When retrieving from cache, requests_cache expects the cached response to have specific attributes like:

  • .expires - datetime or None
  • .is_expired - property/method
  • .text - response body
  • .url - original URL
  • .status_code - HTTP status

My __getitem__ returns a dict, but requests_cache internally does things like:

# Inside requests_cache's policy/actions.py
if cached_response.expires is None:  # AttributeError if it's a dict
    return True
if cached_response.is_expired:       # AttributeError
    return False

So I tried wrapping the dict in a custom class:

class CachedResponse:
    def __init__(self, data):
        self.text = data.get("text", "")
        self.url = data.get("url", "")
        self.status_code = data.get("status_code", 200)
        self._expires = data.get("expires")
    
    @property
    def expires(self):
        return self._expires
    
    @property
    def is_expired(self):
        return False  # Simplified for now

But I still get errors:

TypeError: can only concatenate str (not "datetime.timedelta") to str

It seems requests_cache expects the expires field to be a datetime object, not a string, and it performs arithmetic on it.

Questions

  1. What’s the correct interface I need to implement for a custom backend? Is there documentation or an example I can follow?

  2. Is there a simpler approach than trying to hack into requests_cache’s internals? Maybe just wrapping requests.Session with my own caching layer:

class HTMLCachingSession:
    def get(self, url):
        cached = self._check_cache(url)
        if cached:
            return cached
        response = self.session.get(url)
        self._save_cache(url, response)
        return response

Would this be more maintainable than fighting with requests_cache?

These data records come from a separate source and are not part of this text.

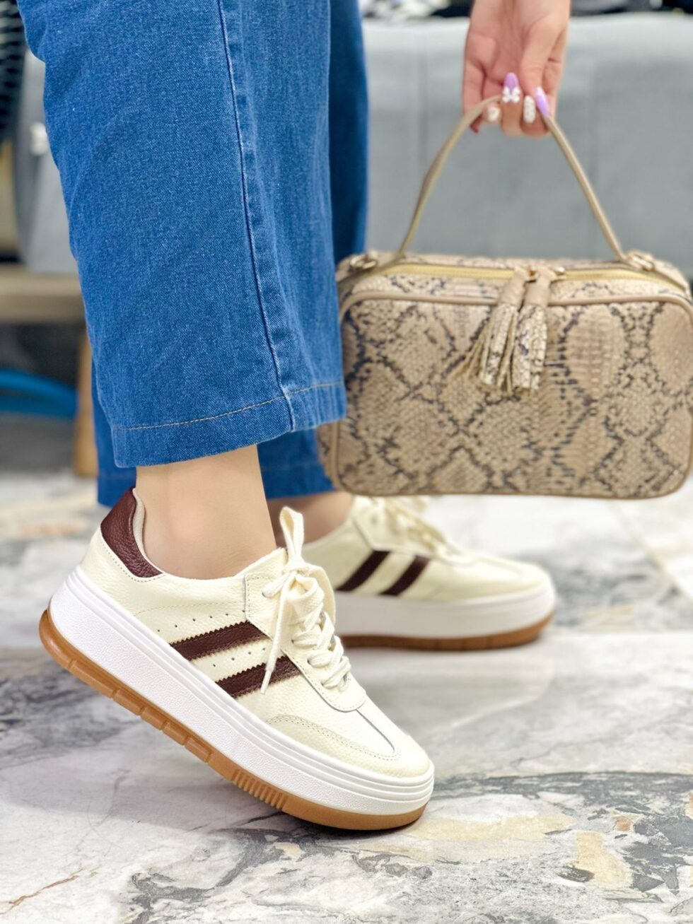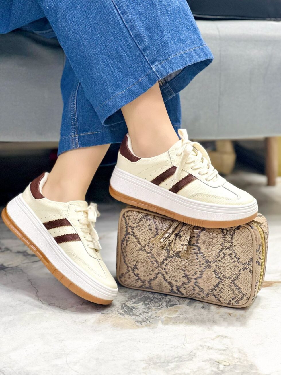 Estos tenis están fabricados en cuero Talco y cuentan con detalles en avellana que les dan un toque único y sofisticado. Su suela talco con base caramelo aporta estilo y estabilidad, mientras que el interior acolchado garantiza máxima comodidad en cada paso.
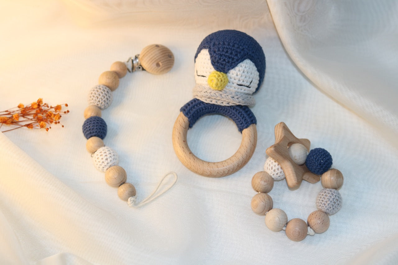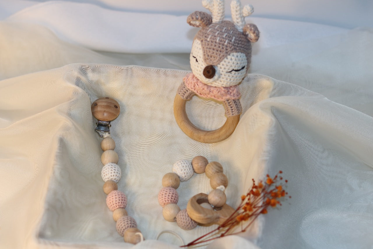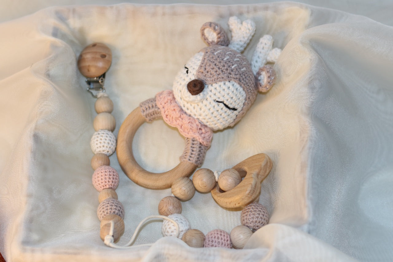 This lovely baby rattle set is is made from 100% cotton and beech wood, and consists of a:
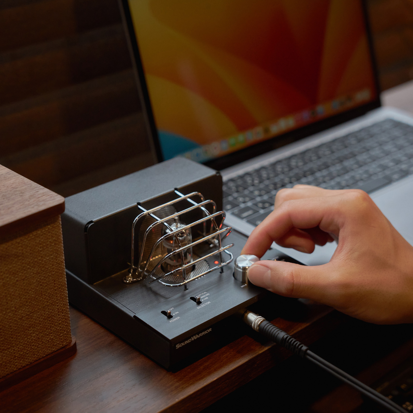 筐体内でスペースを取らずにパワフルな駆動力をもたらすD級アンプと、デジタルアンプだけでは表現できないアナログオーディオの感性を持つ 真空管を組み合わせることで、コンパクトでありながら音楽性に富んだハイブリッドアンプ「SWL-T01」が生まれました。
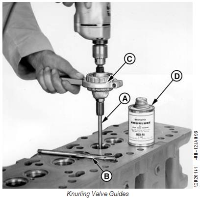 注意:磨損的導(dǎo)軌允許間隙為0.15毫米(0.006英寸),但仍可接受。如果氣門與導(dǎo)軌之間的間隙為0.25 mm(0.010 in.)或更小,磨損的導(dǎo)軌可以滾花,以使其返回到規(guī)定的間隙。如果間隙超過(guò)0.25 mm(0.010 in.),則安裝超大閥門。
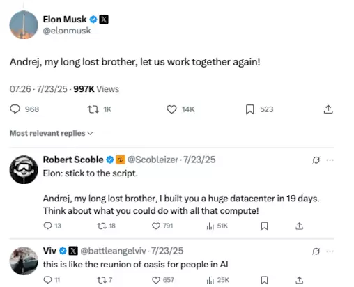 马斯克对顶级人才有多谦逊?为了请特斯拉前Autopilot业务负责人卡巴奇(Andej Karpathy)回来,马斯克甚至公开称卡巴奇是“自己失散多年的兄弟”,恳请他回来和自己一道共事。这或许是他最谦卑主动的一刻,仅次于对特朗普总统的“直男之爱”。
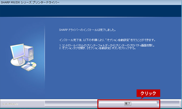インストールの完了画面が表示されたら、[完了]ボタンをクリックしてください。
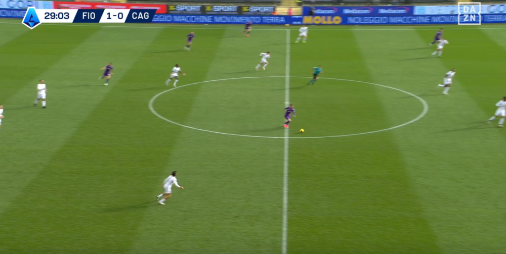 La richiesta di Palladino a metà della prima frazione è stata chiara. Gestire il pallone a costo di tornare verso De Gea per chiamare a sé la pressione del Cagliari e liberare, appunto, lo spazio centrale per Beltran attraverso un giro palla rapido. La Fiorentina è riuscita così a creare zone di rifinitura da attaccare in verticale grazie alla qualità in impostazione di Ranieri, oltre a far muovere i due mediani rossoblù che hanno via via perso compattezza e distanze.
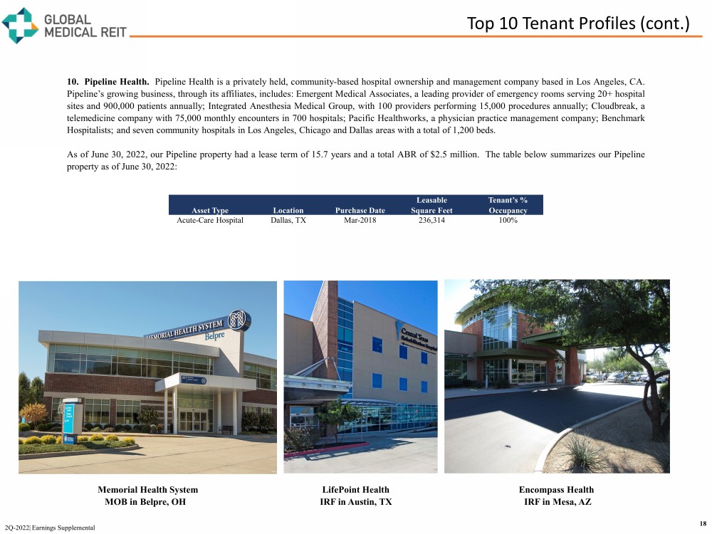 10 . Pipeline Health . Pipeline Health is a privately held, community-based hospital ownership and management company based in Los Angeles, CA . Pipeline’s growing business, through its affiliates, includes : Emergent Medical Associates, a leading provider of emergency rooms serving 20 + hospital sites and 900 , 000 patients annually ; Integrated Anesthesia Medical Group, with 100 providers performing 15 , 000 procedures annually ; Cloudbreak , a telemedicine company with 75 , 000 monthly encounters in 700 hospitals ; Pacific Healthworks, a physician practice management company ; Benchmark Hospitalists ; and seven community hospitals in Los Angeles, Chicago and Dallas areas with a total of 1 , 200 beds . As of June 30 , 2022 , our Pipeline property had a lease term of 15 . 7 years and a total ABR of $ 2 . 5 million . The table below summarizes our Pipeline property as of June 30 , 2022 : Top 10 Tenant Profiles (cont.) 18 2Q - 2022| Earnings Supplemental Asset Type Location Purchase Date Leasable Square Feet Tenant’s % Occupancy Acute - Care Hospital Dallas, TX Mar - 2018 236,314 100% Memorial Health System LifePoint Health Encompass Health MOB in Belpre, OH IRF in Austin, TX IRF in Mesa, AZ

  1. Should I just give up and keep the two separate systems? The duplication bothers me, but maybe it’s not worth the complexity.

Any guidance appreciated!

2 Likes

It may not fulfill all of your requirements, but would the Filesystem backend be of use? At a glance it seems like it would at least give you the human readable JSON files, rather than the binary blob of the SQLite backend.